Julian Ward

Personal information
- Full name: Julian Daniel Ward
- Date of birth: 17 June 1981 (age 45)
- Place of birth: Liverpool, England
- Position: Midfielder

Team information
- Current team: Liverpool (sporting director)

Youth career
- Morecambe

Senior career*
- Years: Team / Apps / (Gls)
- 1997–2002: Morecambe
- 2002–2003: Hyde United
- 2003–2005: Kidsgrove Athletic
- 2005–2007: Larne / 57 / (2)
- 2007–2008: Lisburn Distillery / 28 / (3)

= Julian Ward =

English footballer (born 1981)

Julian Ward (born 17 June 1981) is an English football executive and former footballer who is the current sporting director of Premier League club Liverpool.

==Early life==
Ward was born on 17 June 1981 in Liverpool, England, but grew up in Cumbria, England. Ward eventually returned to Liverpool to study sports science at Liverpool John Moores University.

==Playing career==
As a youth player, Ward joined the academy of current EFL League Two side Morecambe, where he started his senior playing career. In 2002, he signed for English side Hyde United. One year later, he signed for English side Kidsgrove Athletic.

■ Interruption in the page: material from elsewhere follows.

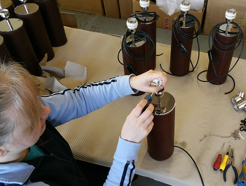 A member of Chad’s production team wires up their Siena table light. All units are then put through the Clare electrical tester to ensure that they are safe for customer use and meet all the British standards.
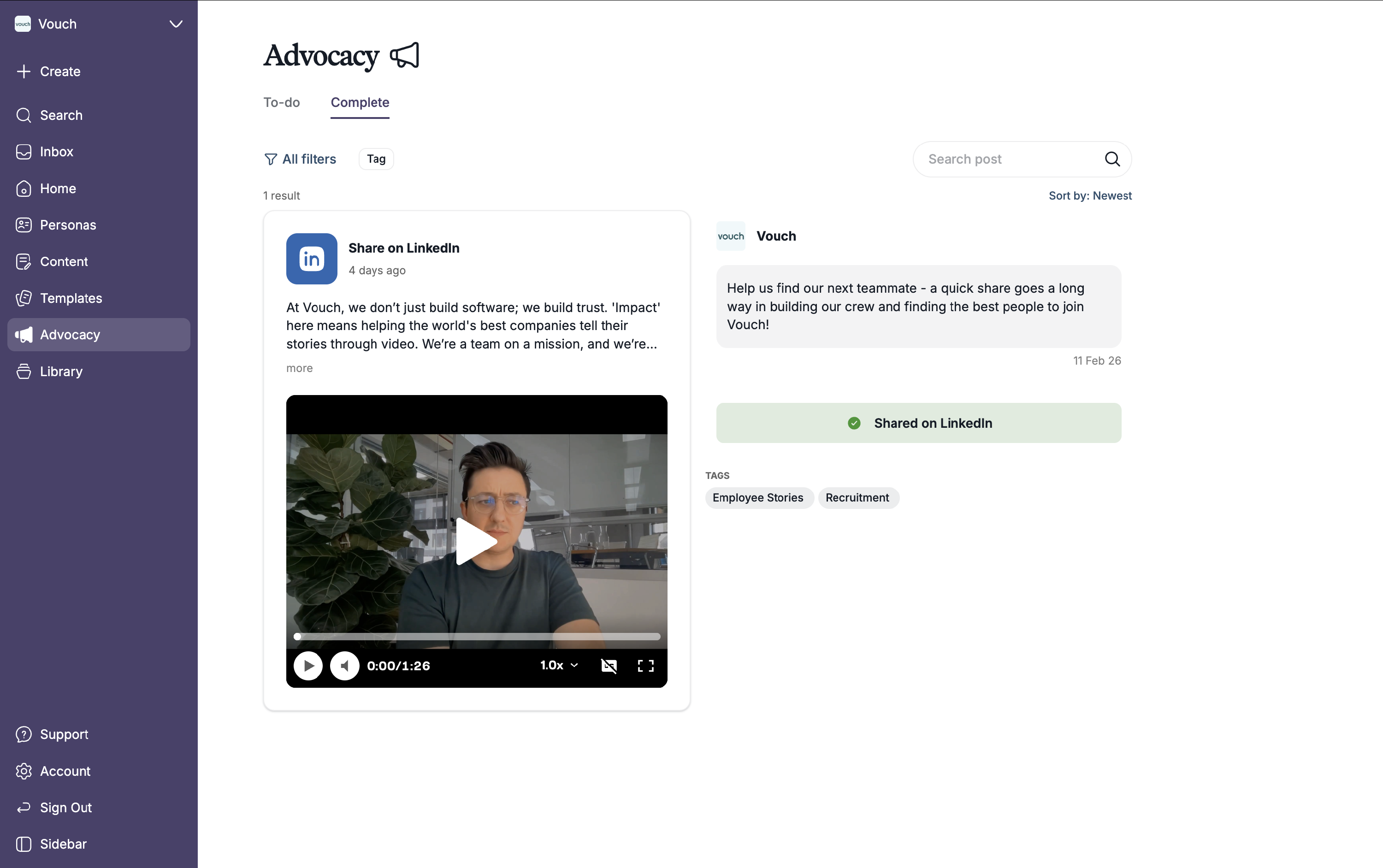 Advocacy is an optional extra that can be enabled on the Vouch Recruiter enablement portal to provide a centralised hub for recruiters to discover the latest requests from their organisation and take immediate action. The following guide outlines they key features of the Recruiter enablement portal.

In 2005, Ward moved to Belfast and signed for Northern Irish Premier League side Larne Football Club managed by Kenny Shiels. Ward spent two seasons with Larne Football Club before signing for Paul Kirk’s Northern Irish Premier League side Lisburn Distillery in 2007.

==Managerial career==
In July 2008 Ward left Northern Ireland to become part of Carlos Queiroz’s technical team, when he was appointed Head of Technical Scouting for the Portugal national football team. During his time with the Portugal national football team, he lived in Lisbon and learnt Portuguese. After the 2010 FIFA World Cup Finals in South Africa, Carlos Queiroz was replaced by Paulo Bento and Ward returned to England, accepting a position within the scouting department of English Premier League side Manchester City.

In September 2012, following Manchester City’s first Premier League title, Ward left the Champions to take the role of European scouting manager and later loan player manager for English Premier League side Liverpool Football Club. By 2020, after establishing the club's loan player department, he was promoted to assistant sporting director, working alongside Michael Edwards for two seasons. Upon promotion to Liverpool FC's sporting director in 2022, Ward led on the signings of a number of players, including Colombian international Luis Díaz, Uruguayan forward Darwin Núñez, Dutch winger Cody Gakpo and Argentina’s 2022 FIFA World Cup winner Alexis Mac Allister.

Ward was heavily linked with Sporting Director roles at Ajax and Manchester United but returned to Liverpool Football Club in May 2024 as technical director for its owners Fenway Sports Group.

After Richard Hughes resigned from his role as Sporting Director at Liverpool, Ward was promoted from his previous role as Technical Director.